- Task description: Set down nothing but the lines from the one containing "Samansa Mos2 blue フード付リバーシブルボアジャケット" to the final line of the material, exactly as written, and drop the pictures.

[[ Material provided, beginning ]]

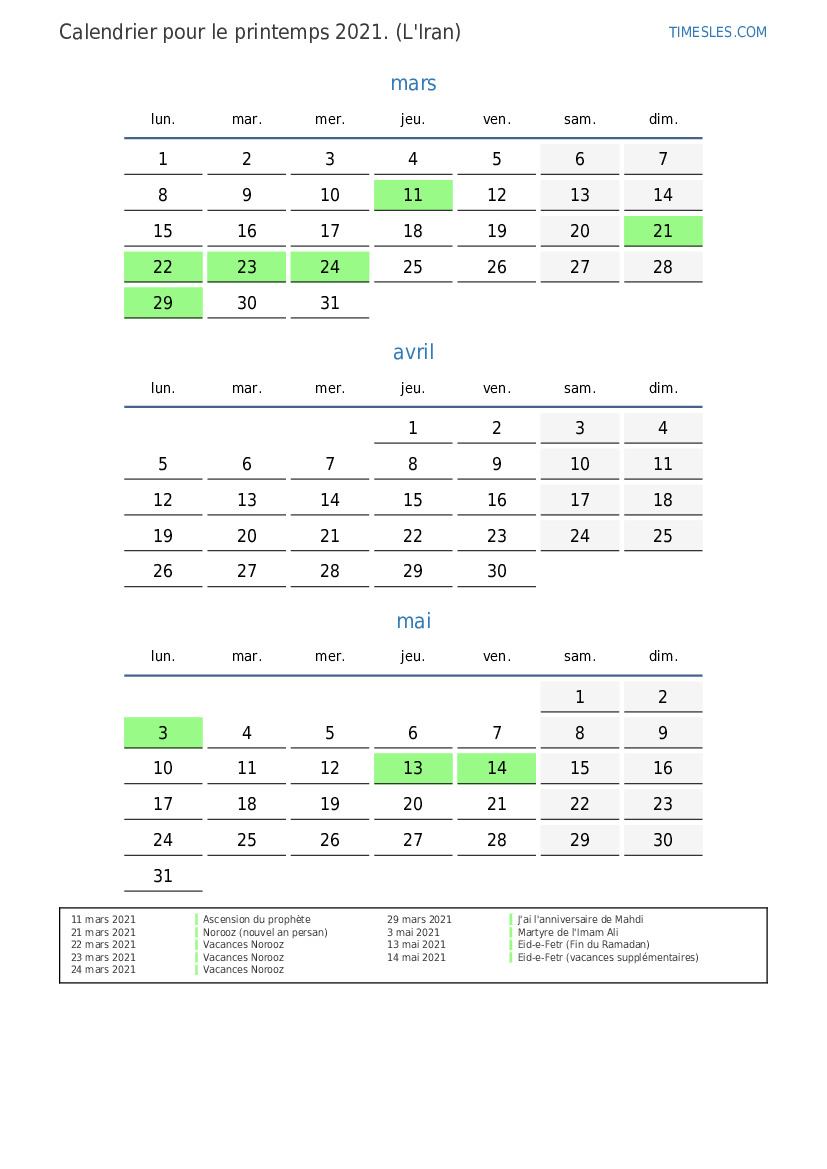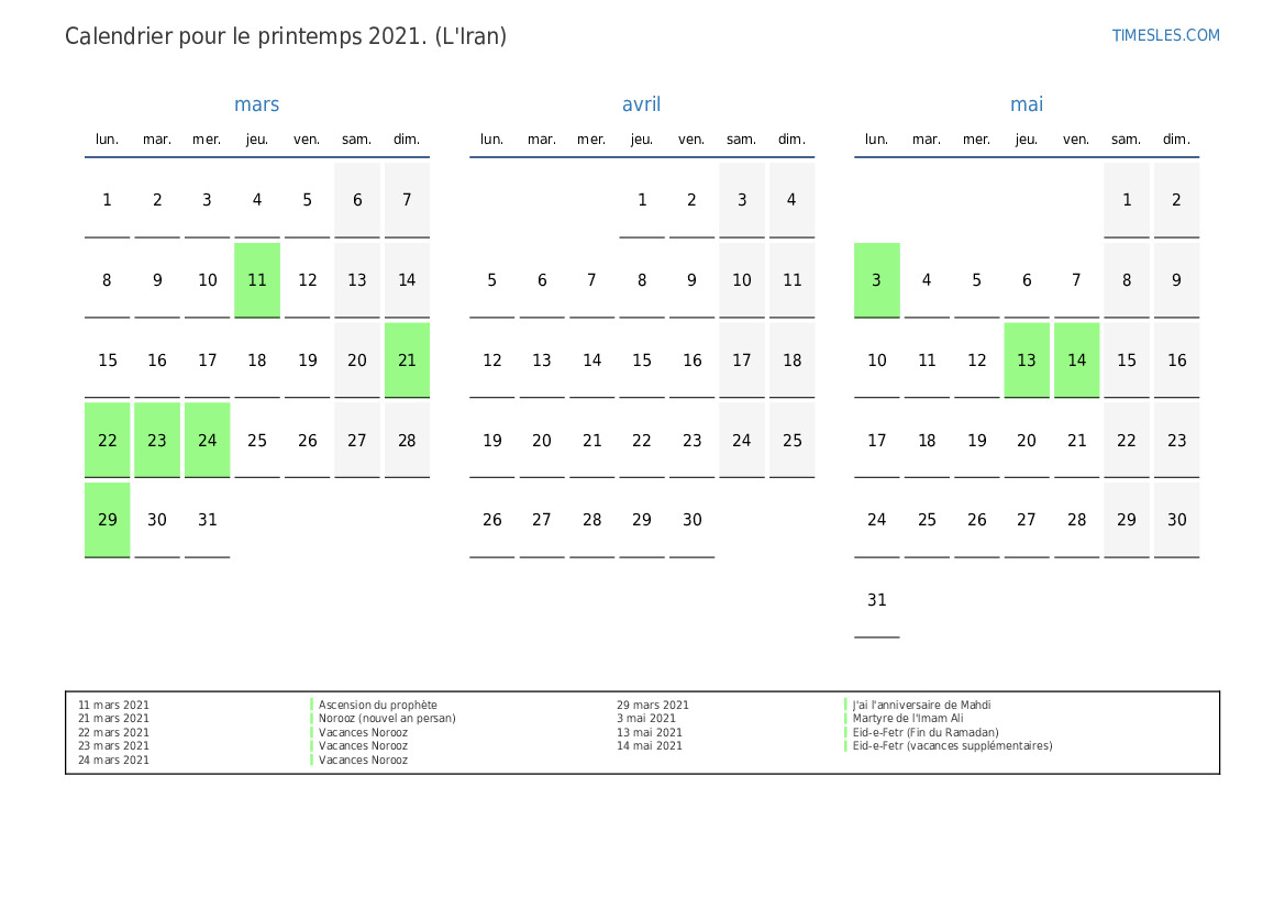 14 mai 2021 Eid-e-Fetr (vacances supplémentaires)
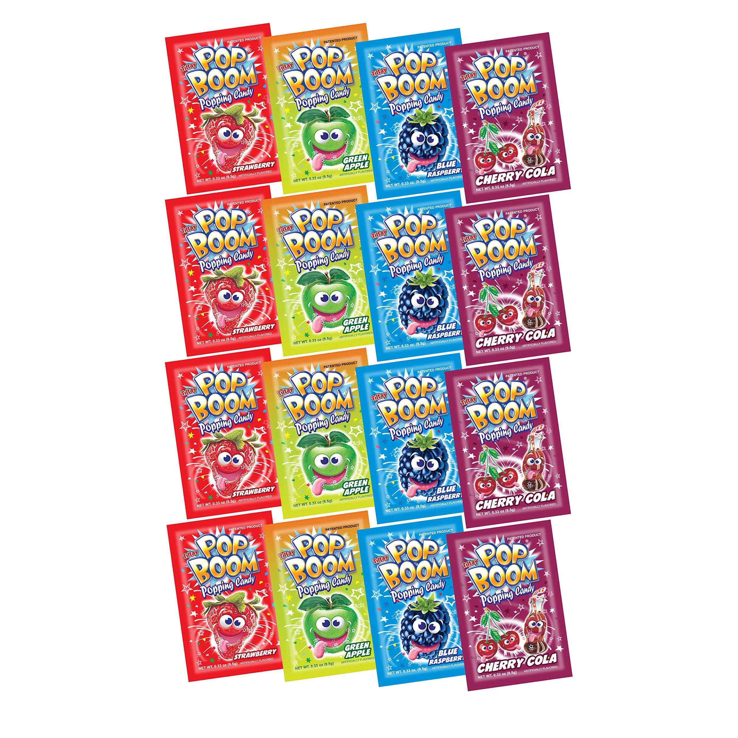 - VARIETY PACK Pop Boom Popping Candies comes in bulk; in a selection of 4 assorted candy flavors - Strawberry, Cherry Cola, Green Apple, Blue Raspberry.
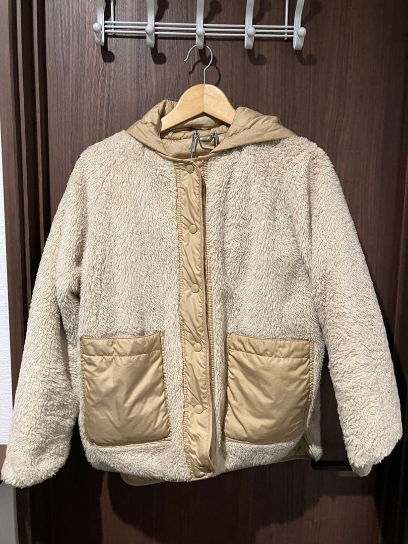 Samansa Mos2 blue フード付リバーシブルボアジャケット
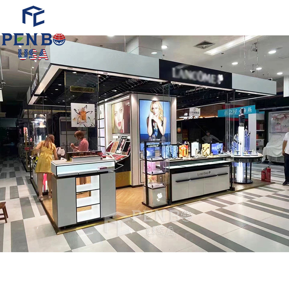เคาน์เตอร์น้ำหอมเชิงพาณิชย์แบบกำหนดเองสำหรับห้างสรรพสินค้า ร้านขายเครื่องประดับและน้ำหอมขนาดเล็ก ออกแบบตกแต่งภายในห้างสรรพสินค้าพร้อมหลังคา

[[ Material provided, end ]]

- Response area:
 Samansa Mos2 blue フード付リバーシブルボアジャケット
เคาน์เตอร์น้ำหอมเชิงพาณิชย์แบบกำหนดเองสำหรับห้างสรรพสินค้า ร้านขายเครื่องประดับและน้ำหอมขนาดเล็ก ออกแบบตกแต่งภายในห้างสรรพสินค้าพร้อมหลังคา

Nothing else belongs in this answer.